Read in the candidates and item data and generate a randomised test from them.

We assume that the 1PL model is used.

$$
Pr(X=1) = \frac{exp(\theta-b)}{1 + exp(\theta-b)}
$$

## Data Ingest

There are two files in the `data` folder that we need: `items.csv` and `candidates.csv`. From these we generate a randomised test.

In [1]:
import numpy as np
from numpy.random import seed
from typing import List, Tuple
from csv import reader
import pandas as pd


def getDataAsList(datafile: str) -> List[Tuple]:
    """Turn a CSV datafile into a list of tuples

    :param datafile: the CSV file to load data from
    :return: a list of rows (tuples)
    """
    with open(datafile, 'r', encoding='utf-8-sig') as fs:
        csv_reader = reader(fs)
        row_list = list(map(tuple, csv_reader))
        return row_list[1:]    # ignore the header row
    

# convert the raw data from the candidates.csv file into
# a simple quadruple of ( systemname, givenName, familyName, theta )
def getCandidates() -> List[Tuple]:
    candidates = getDataAsList('data/candidates.csv')
    new_list = [(c[0], c[1], c[2], float(c[3])) for c in candidates]
    return new_list
    

# convert the raw data from the items.csv file into
# a simple triple of ( uiid, a, b )
def getItems() -> List[Tuple]:
    items = getDataAsList('data/items.csv')
    new_list = [(i[0], float(i[1]), float(i[2]), int(i[5])) for i in items]
    return new_list

In [2]:
items = getItems()
candidates = getCandidates()

## Item Response Generation

The `getItemResponse()` function is used to generate a randomised response: correct (1) or incorrect (0) for a given candidate taking an item.

In [3]:
def getItemResponse(b: float, theta: float, seed: int = None) -> str:
    """Gets a randomised item response for a given candidate
    according to the 1PL model:

    P(X=1) = e^(theta-b) / 1 + e^(theta-b)
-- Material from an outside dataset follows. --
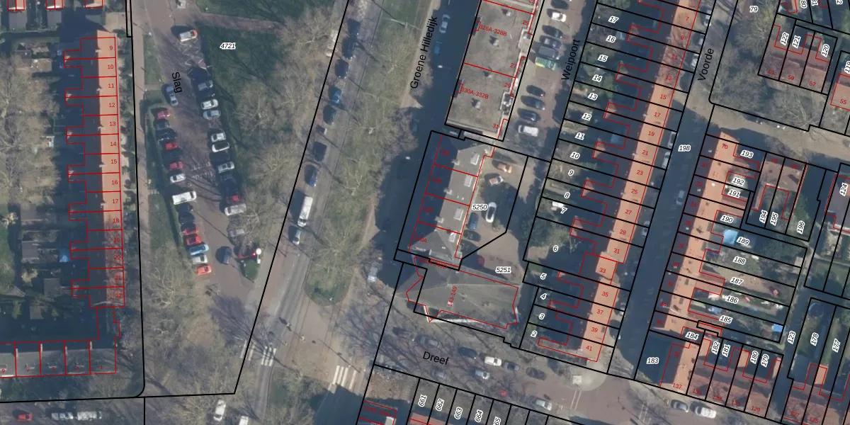 Het perceel waarop Groene Hilledijk 338 staat heeft een oppervlakte van 639 m². Dit is een groot perceel. De perceeloppervlakte wordt geregistreerd door het Kadaster. Gedetailleerde informatie over de maten van dit perceel kunt u vinden in het rapport Kadastrale kaart met maatvoering van Groene Hilledijk 338.

    :param b: the difficulty parameter for the item
    :param theta: the latent ability of the candidate
    :return: '0' = incorrect, '1' = correct
    """
    if seed is None:
        rng = np.random.default_rng()
    else:
        rng = np.random.default_rng(seed)
    rv = rng.random()

    p1 = np.exp(theta - b) / (1 + np.exp(theta - b))
    p0 = 1 - p1

    assert p0 <= 1.0
    assert p1 <= 1.0

    rLookup = {
        '0': [0.00, p0],
        '1': [p0, 1.00]
    }
    r = {k: v for (k, v) in rLookup.items() if v[0] <= rv <= v[1]}
    rKey = list(r.keys())

    assert rKey[0] == '1' or rKey[0] == '0'

    return rKey[0]


def getScalarResponse(b: float, theta: float, maxValue: int = 1, seed: int = None) -> str:
    """Gets a randomised item response for a given candidate
    according to the 1PL model:

    P(X=1) = e^(theta-b) / 1 + e^(theta-b)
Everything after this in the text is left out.